Если люди противились, он сердился, возмущался, а то принимался льстить, уговаривать, — словом, такое было впечатление, точно ему вменили в обязанность спасти от оспы наш край. Не раз я видел, как он войдет, бывало, в лавку, подбежит к конторке, возьмет монету в пятнадцать су и, сунув ее в руку какому-нибудь горемыке, скажет:
— Ну, пойдем, я сделаю тебе прививку.
Такая его одержимость, понятно, раздражала меня: я предпочел бы не раздавать денег направо и налево, но я никогда в жизни не посмел бы сделать замечание Шовелю: он бы мигом взорвался, стал бы обличать эгоистов, которые ни о ком, кроме себя, не думают, а Маргарита сказала бы, что он прав!

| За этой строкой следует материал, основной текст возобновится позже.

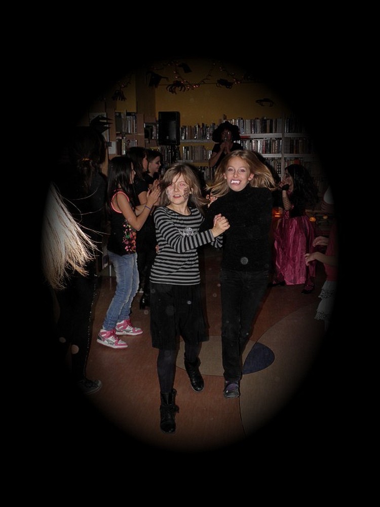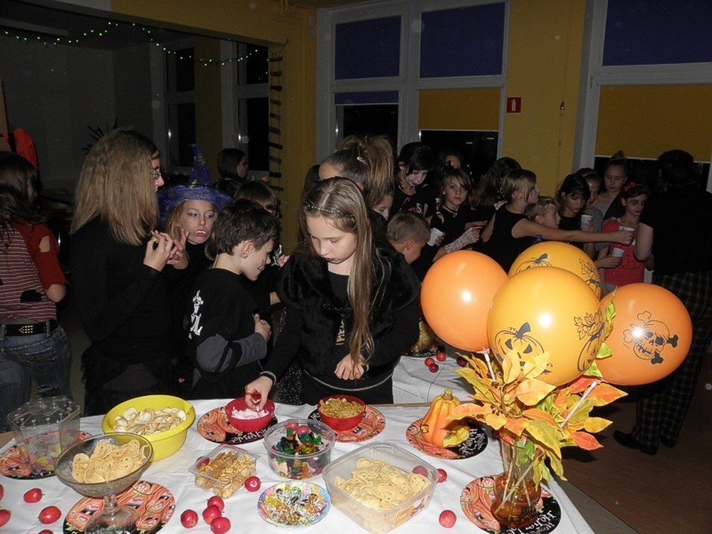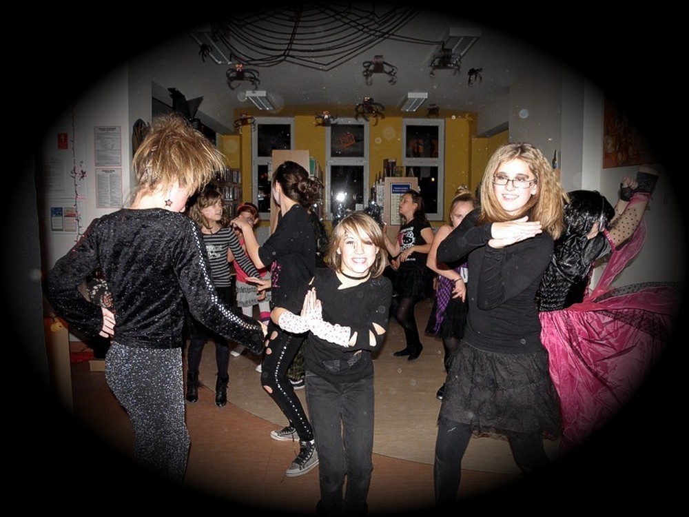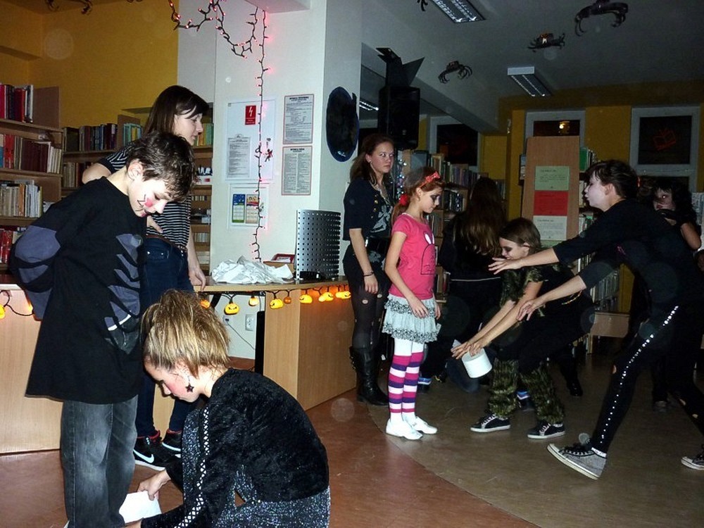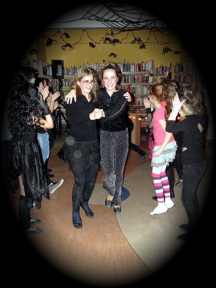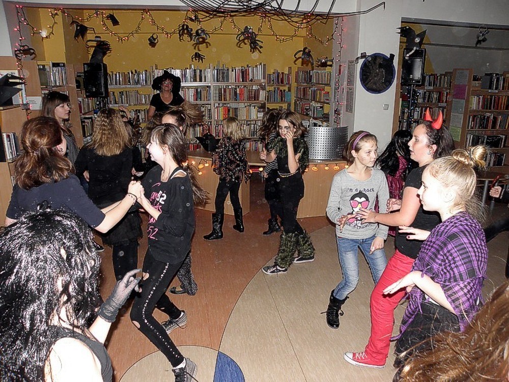 Po zmroku, z pobliskich domostw zaczęły ciągnąć do biblioteki różnej maści potwory. Przybyły, aby w blasku księżyca (i telewizyjnych fleszy) bawić się w rytm upiornej muzyki, którą ze swojej piekielnej konsoli "zapodała" czarownica Wioletycja. Zahipnotyzowane muzyką mroczne postaci, bez oporów podążały "Upiorną Aleją" wprost w objęcia szalonego rock'and'rolla. Rozedrgany tłum trudno było uspokoić, na szczęście pojawiły się mumie i powiodły barwny orszak na pokaz mody "Nie z tego świata". Tam obserwowane przez ogromne kruki, chętnie prezentowały swoje koszmarne atrybuty, byśmy mogli wyłonić z ich grona Top Modeli 2012 roku. Zmęczone, ale szczęśliwe - odpoczywały w blasku przerażających halloweenowych dyń i posilały się w "Barze Pod Upiorkiem". Impreza powoli zbliżała się do końca, a nasi goście niechętnie myśleli o powrocie do swoich zimnych, ciemnych i zatęchłych domostw... bo przecież tak trudno się rozstać...

Так или иначе, наша лавка стала местом сборища кормилиц и прививочным пунктом. Но нашему славному Шовелю все было мало: целый божий день он занимался коровьей оспой, получал письма, отвечал на них, просматривал статьи, делал выписки. Маргарита помогала ему в этом, а я нередко думал:
«Ну, зачем тратить столько времени, сил и денег на людей, которые даже спасибо не скажут, а если хоть немного приболеют, так еще и взыщут с тебя!»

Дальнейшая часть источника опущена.